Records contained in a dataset

%%

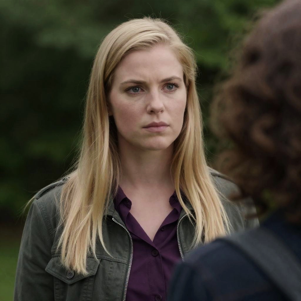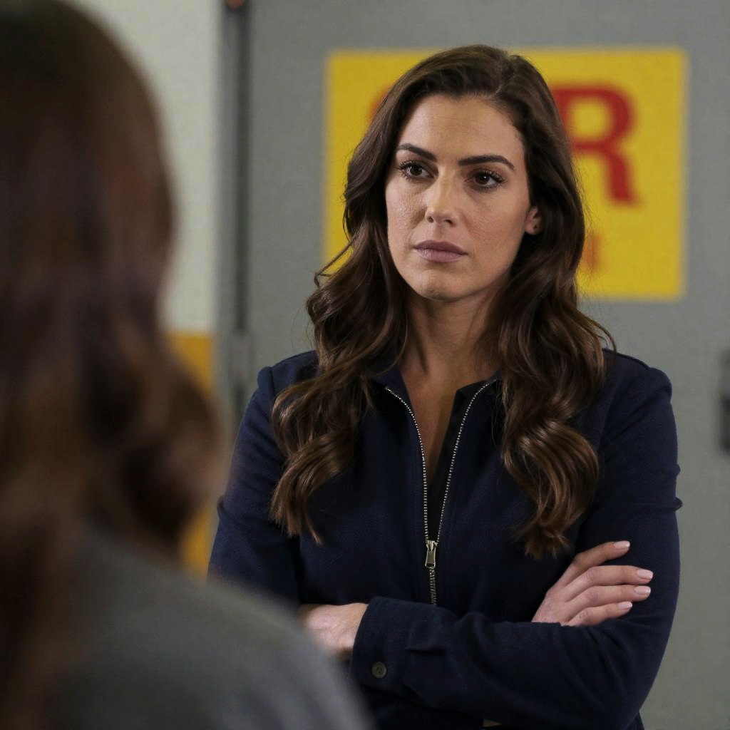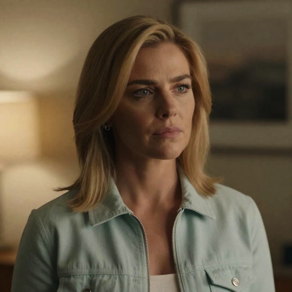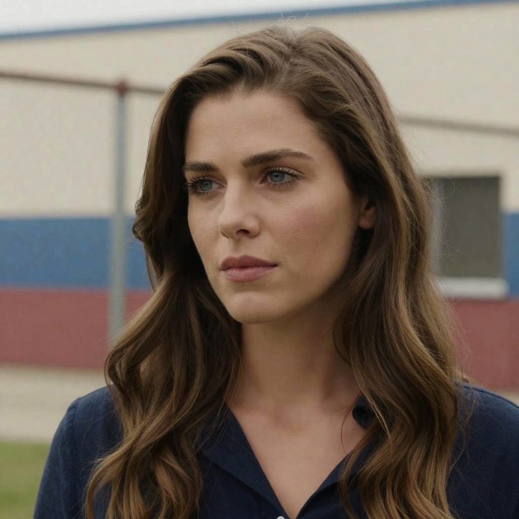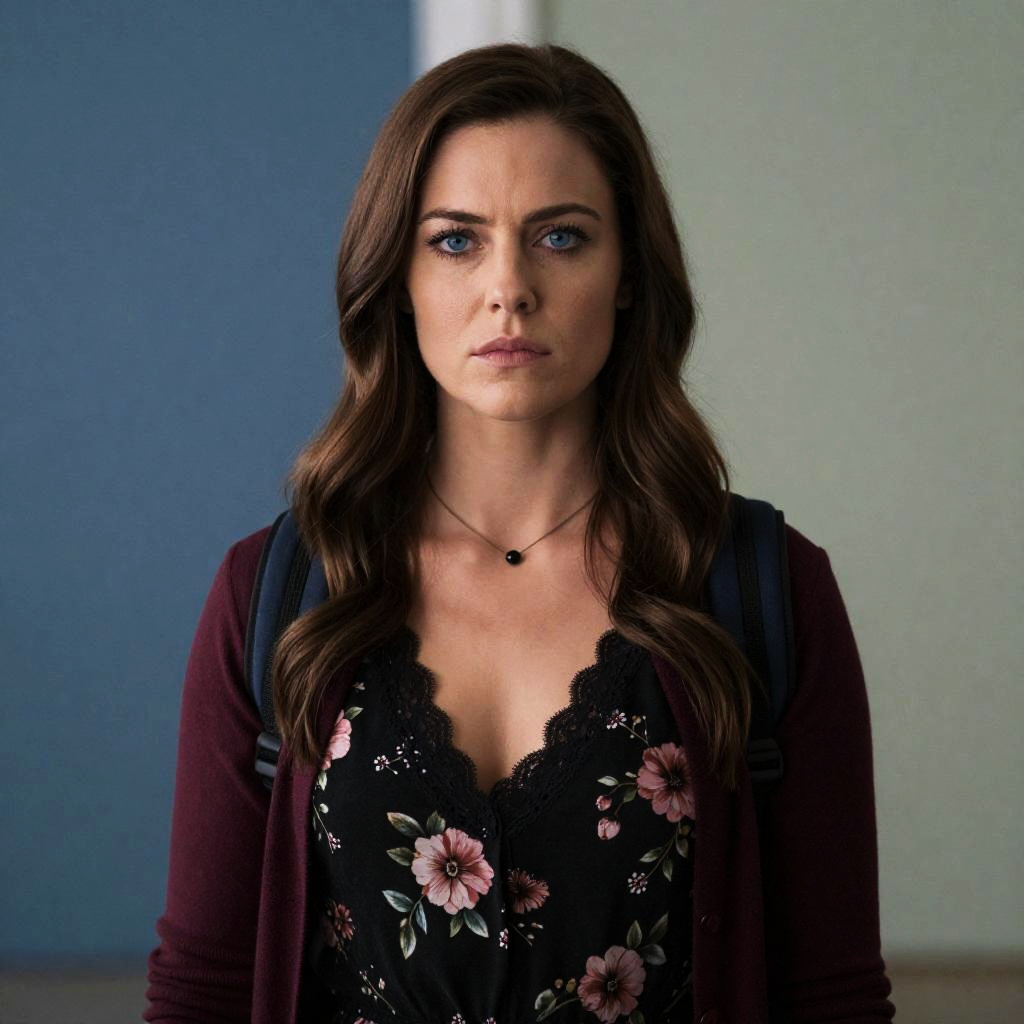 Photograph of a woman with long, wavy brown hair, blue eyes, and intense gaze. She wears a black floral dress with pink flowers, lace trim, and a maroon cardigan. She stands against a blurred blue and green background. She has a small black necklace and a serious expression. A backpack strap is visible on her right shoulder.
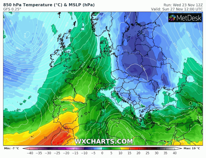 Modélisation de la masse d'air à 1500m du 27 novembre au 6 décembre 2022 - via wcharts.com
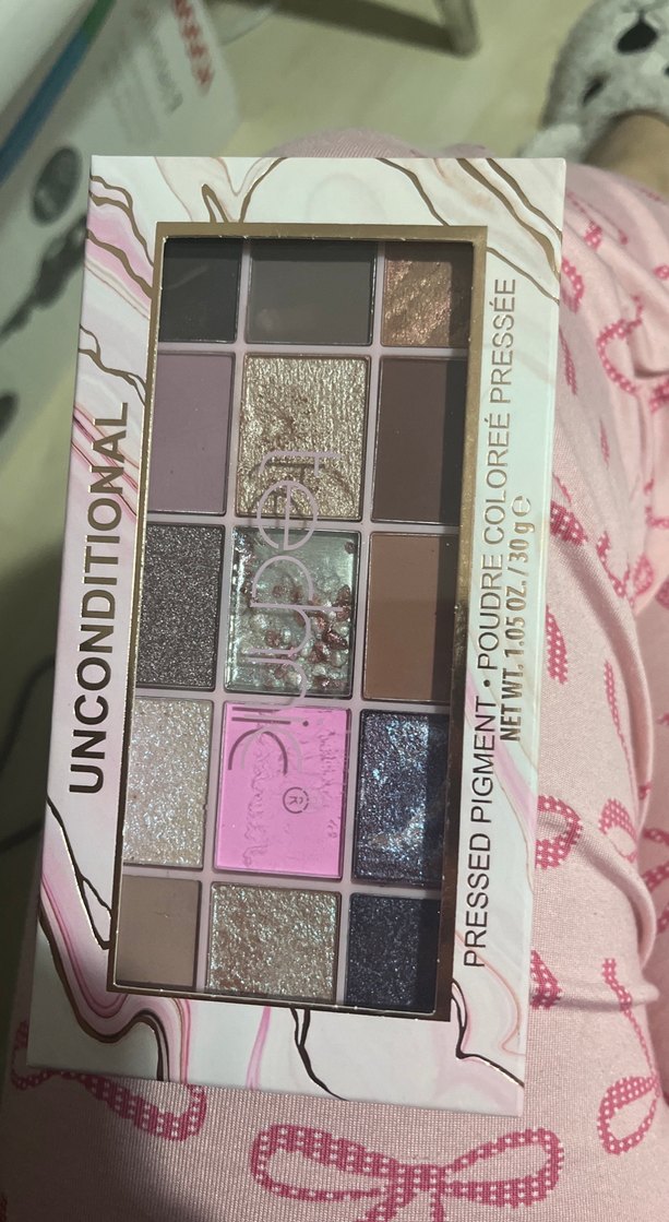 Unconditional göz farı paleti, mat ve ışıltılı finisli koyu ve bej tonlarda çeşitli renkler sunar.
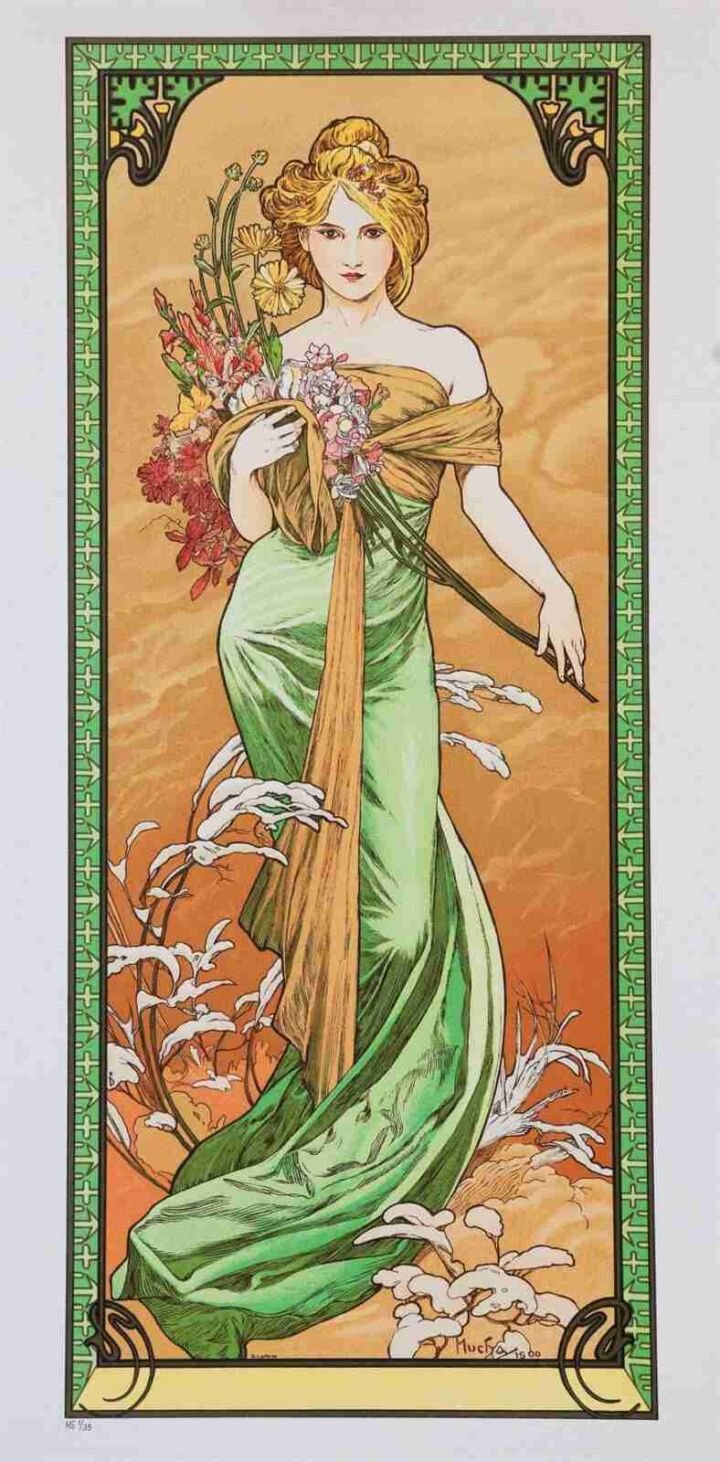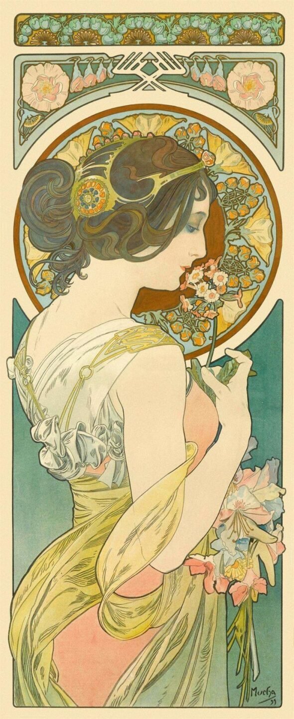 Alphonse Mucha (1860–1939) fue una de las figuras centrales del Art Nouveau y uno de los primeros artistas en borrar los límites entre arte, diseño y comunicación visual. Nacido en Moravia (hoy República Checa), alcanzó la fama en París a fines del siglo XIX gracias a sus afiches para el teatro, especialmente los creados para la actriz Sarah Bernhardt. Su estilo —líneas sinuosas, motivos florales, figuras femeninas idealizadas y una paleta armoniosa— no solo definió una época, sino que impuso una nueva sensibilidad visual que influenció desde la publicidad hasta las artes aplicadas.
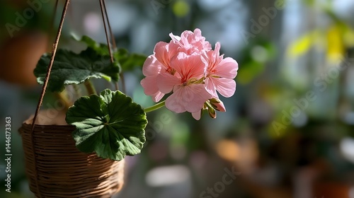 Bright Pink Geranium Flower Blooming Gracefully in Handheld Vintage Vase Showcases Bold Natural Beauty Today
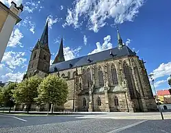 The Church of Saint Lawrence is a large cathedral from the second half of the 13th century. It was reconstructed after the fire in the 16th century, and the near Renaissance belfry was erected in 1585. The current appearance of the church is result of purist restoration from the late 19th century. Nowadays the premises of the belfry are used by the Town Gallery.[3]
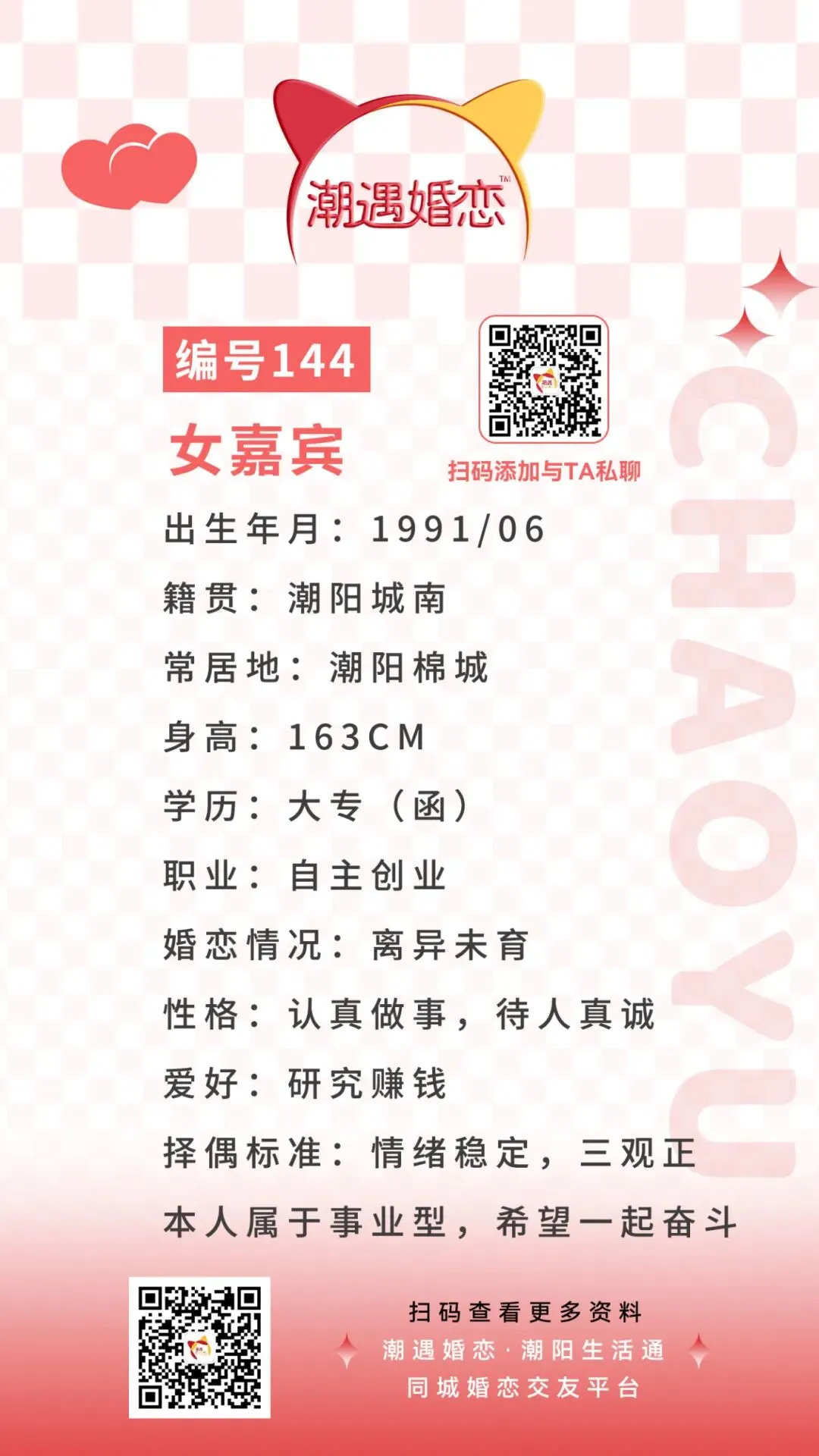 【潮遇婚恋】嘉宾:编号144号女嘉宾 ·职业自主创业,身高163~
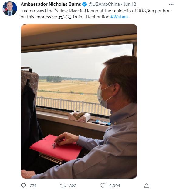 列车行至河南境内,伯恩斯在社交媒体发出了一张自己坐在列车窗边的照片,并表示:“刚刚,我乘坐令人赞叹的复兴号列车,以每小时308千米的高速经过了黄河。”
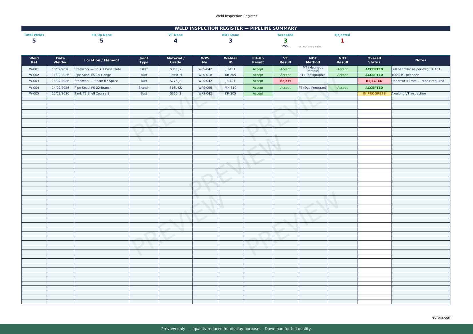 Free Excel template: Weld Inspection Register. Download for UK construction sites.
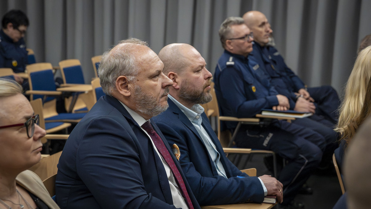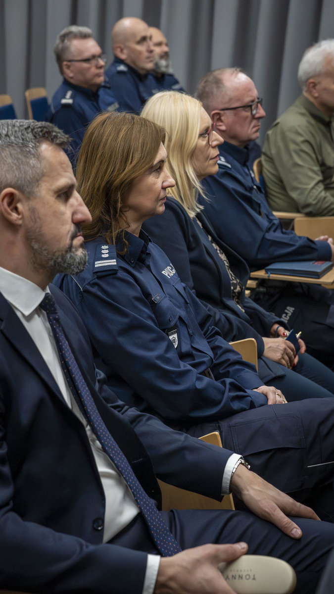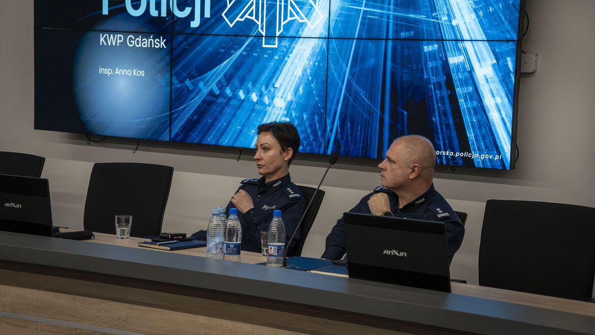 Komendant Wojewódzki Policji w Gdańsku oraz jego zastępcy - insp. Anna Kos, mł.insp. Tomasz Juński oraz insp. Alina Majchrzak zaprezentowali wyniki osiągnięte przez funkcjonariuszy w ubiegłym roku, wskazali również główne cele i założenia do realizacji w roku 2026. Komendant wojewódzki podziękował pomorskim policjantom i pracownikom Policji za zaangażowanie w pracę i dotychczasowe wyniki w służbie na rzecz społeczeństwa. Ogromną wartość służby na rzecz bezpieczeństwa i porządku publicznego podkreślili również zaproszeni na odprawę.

%%

* What you should do *
The reply should hold exactly the lines above, starting at the line with "Modélisation de la" and ending at the line with "Alphonse Mucha (1860–1939)", and no pictures.

* Answer box *
 Modélisation de la masse d'air à 1500m du 27 novembre au 6 décembre 2022 - via wcharts.com
 Unconditional göz farı paleti, mat ve ışıltılı finisli koyu ve bej tonlarda çeşitli renkler sunar.
 Alphonse Mucha (1860–1939) fue una de las figuras centrales del Art Nouveau y uno de los primeros artistas en borrar los límites entre arte, diseño y comunicación visual. Nacido en Moravia (hoy República Checa), alcanzó la fama en París a fines del siglo XIX gracias a sus afiches para el teatro, especialmente los creados para la actriz Sarah Bernhardt. Su estilo —líneas sinuosas, motivos florales, figuras femeninas idealizadas y una paleta armoniosa— no solo definió una época, sino que impuso una nueva sensibilidad visual que influenció desde la publicidad hasta las artes aplicadas.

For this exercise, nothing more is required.